To Your Health
July, 2018 (Vol. 12, Issue 07)
Secondhand Smoke Can Cause Snoring ... and Maybe Worse
By Editorial Staff
A chronic snorer not only lives with the embarrassment of the condition, but also the health consequences, the most obvious of which is inadequate sleep / rest from being woken up – either by the strength of one's own snore or an exasperated partner.
Snoring also may be a sign of obstructive sleep apnea
, in which upper airway narrowing or collapse causes breathing pauses of up to 10 seconds at a time. According to the American Academy of Otolaryngology – Head and Neck Surgery, sleep apnea increases the risk of heart attack, stroke, diabetes and other serious health problems.
There are several anatomical / physiological mechanisms underlying snoring, and being overweight doesn't help.

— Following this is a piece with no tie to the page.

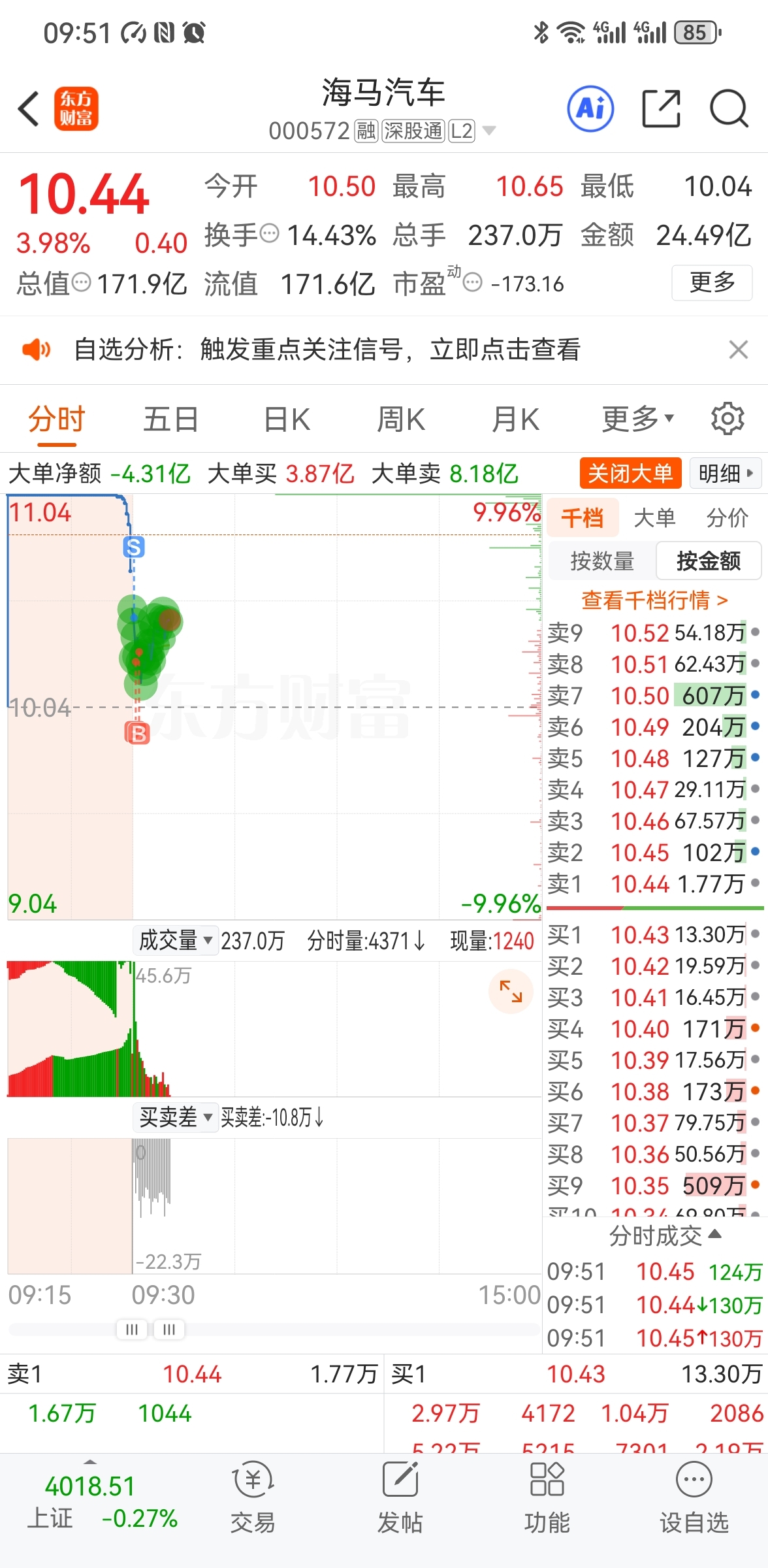 $海马汽车(SZ000572)$ 估计得砸地板吧,昨天这么看就是量化交易,今天全是出的

In children, snoring can signal adenoid / tonsil problems. Secondhand smoke is another culprit, suggests new research, increasing children's risk of becoming a habitual snorer compared to children not exposed to secondhand smoke. According to the research review, which evaluated 24 eligible studies involving nearly 90,000 children and appeared in the Journal of Epidemiology & Community Health, a child's risk of becoming a chronic snorer increased by approximately 2 percent for every cigarette smoked in the home.

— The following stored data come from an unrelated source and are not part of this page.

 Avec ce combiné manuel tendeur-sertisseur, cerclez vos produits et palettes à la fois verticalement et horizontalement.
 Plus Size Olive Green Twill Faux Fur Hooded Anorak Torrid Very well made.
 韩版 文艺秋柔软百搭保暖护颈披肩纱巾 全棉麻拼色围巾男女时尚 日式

Keep in mind that snoring isn't the only consequence of secondhand smoke exposure in children; respiratory and ear infections, asthma and behavioral issues have also been linked to exposure. In other words, secondhand smoke is bad news all around. If you're having trouble quitting or want more information to help someone you know quit, talk to your doctor and visit www.cdc.gov/tobacco/quit_smoking/index.htm.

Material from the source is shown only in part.